Thursday, February 9, 2012

Enhancement of Fee Awards in New Jersey

After the Supreme Court’s decision in Purdue v. Kenny A., __ U.S. __, 130 S. Ct. 1662, 176 L. Ed. 2d 494 (2010), one would have thought that enhancements of the lodestar would come almost to a screeching halt and only be rarely awarded in fee-shifting litigation.  Not so in New Jersey under state law.  

On January 25, 2012, the New Jersey Supreme Court handed down its decision in two consolidated appeals.  Walker v. Guiffre, Nos. A-72, A-100, Sept. Term 2010, 066969, 067267, 2012 N.J. LEXIS 15 (Jan. 25, 2012).  Walker was consolidated on appeal from two lower court decisions, Walker v. Giuffre, 2 A.3d 1165 (N.J. Super. Ct. App. Div. 2010) and Humphries v. Powder Mill Shopping Plaza, No. A-6083-08T1, 2010 N.J. Super. Unpub. LEXIS 2664 (N.J. Super. Ct. App. Div. Oct. 5, 2010).
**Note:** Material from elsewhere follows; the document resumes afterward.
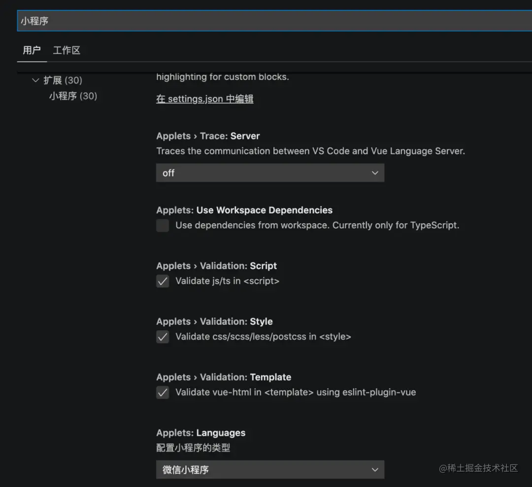 为了能够让插件更灵活,这个插件同时支持微信,百度,qq,支付宝,头条,京东,这6种小程序都支持,在不同的文件类型下可以提示不同的语法和指令等,通过在设置里面配置小程序的类型就可以了。

 In Walker, a consumer protection case, the trial court awarded walker $654.50 in total damages, and a lodestar fee of $68,450.  The trial court then enhanced the lodestar fee by 45% for a total fee award of $99,252.50.  The intermediate New Jersey Appeals Court reversed the 45% contingency enhancement, relying upon Purdue.  2 A.3d 1165 (N.J. Super. Ct. App. Div. 2010).
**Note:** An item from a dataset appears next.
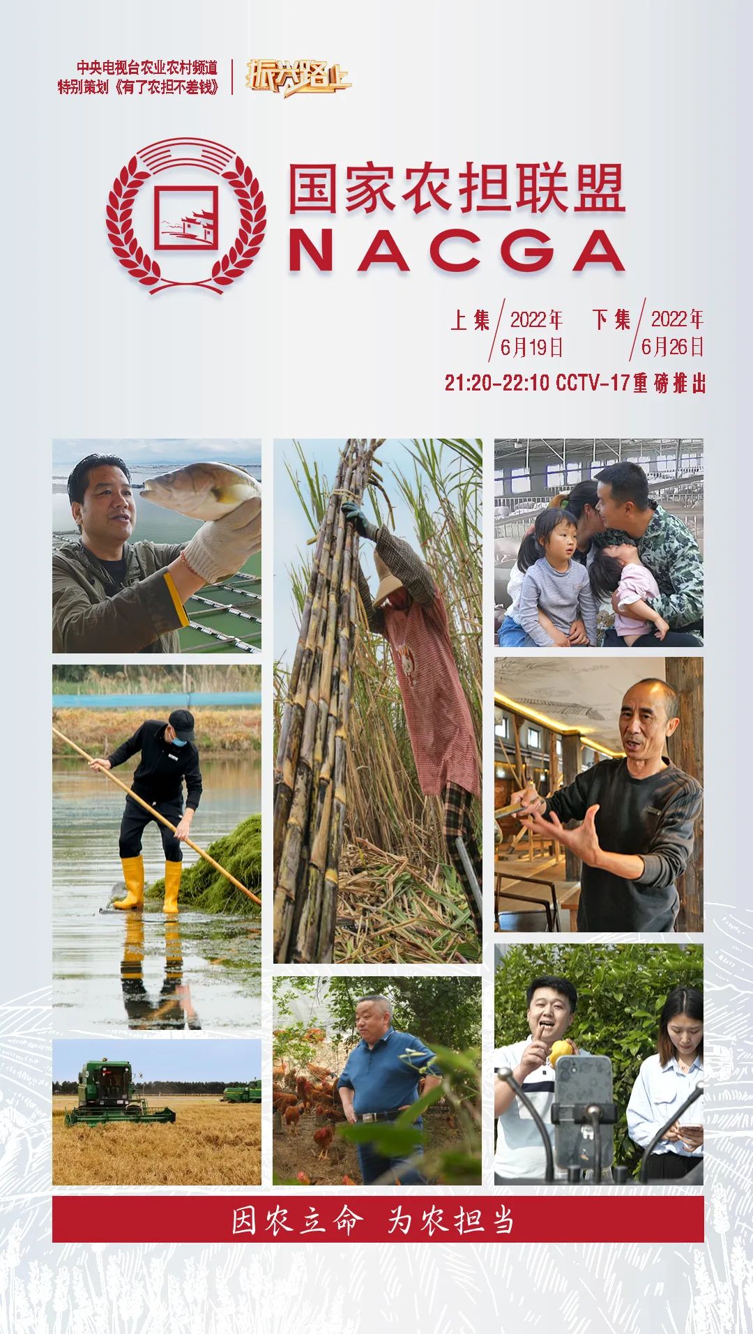 下集將展現(xiàn)四川、廣東、廣西、重慶等省級農(nóng)擔(dān)公司支持新型農(nóng)業(yè)經(jīng)營主體的農(nóng)擔(dān)故事。6月26日(周日)晚9點20分于CCTV-17頻道,敬請收看。

In Humphries, a New Jersey Law Against Discrimination case, the parties entered into a partial settlement agreement which required modifications to the shopping center’s parking area and awarded the plaintiff $2,500 in damages.  The Plaintiff, as a “prevailing party”, then sought an award of legal fees.  The trial court awarded a lodestar fee with a 20% contingency enhancement, rejecting plaintiff’s request for a 50% contingency enhancement.  Again, the intermediate Appeals Court reversed, holding that Purdue permits contingency enhancements only in “rare and exceptional circumstances.”  Humphries, 2010 N.J. Super. Unpub. LEXIS 2664 at *25.  

The New Jersey Supreme Court, in a unanimous decision, rejected the intermediate appellate court’s reliance on Purdue, opining that its 1995 decision in Rendine v. Pantzer, 661 A.2d 1202 (N.J. 1995) had rejected the 1992 decision of the United States Supreme Court in City of Burlington v. Dague, 505 U.S. 557 (1992), in which the Court had addressed the propriety of contingency enhancements.  The New Jersey Supreme Court further explained that the U.S. Supreme Court’s decision in Purdue was merely a reaffirmation of Dague, and “the opinion made it abundantly clear that, for federal fee-shifting purposes, this issue had been settled in Dague…Simply put, the Court’s decision in Purdue reiterates the framework that applies to fee awards in federal courts arising from federal statutes and does not represent any new approach on the subject.”  In short, New Jersey considered and rejected the “rare circumstance” rule respecting contingency fee enhancements in Rendine, and merely reaffirmed that in Walker.  

The New Jersey Supreme Court went on to state that it “fixed the ordinary range for a contingency enhancement as being between five and fifty percent and we also identified the typical range as being between twenty and thirty-five percent of the lodestar.”  The New Jersey Supreme Court’s “rare and exceptional case” rule is a 100% enhancement.  Further, it did preclude an award of a contingency enhancement in excess of 100%.  

The Court sent Walker back to the trial court for further proceedings, and then proceeded to reverse the trial court’s twenty-percent fee-enhancement, and instead found that “the requested fifty percent was eminently reasonable…”

The decision in the consolidated cases will undoubtedly be a catalyst to plaintiff’s counsel arguing that the rationale of Rendine and Walker ought to be applied to their state anti-discrimination statute.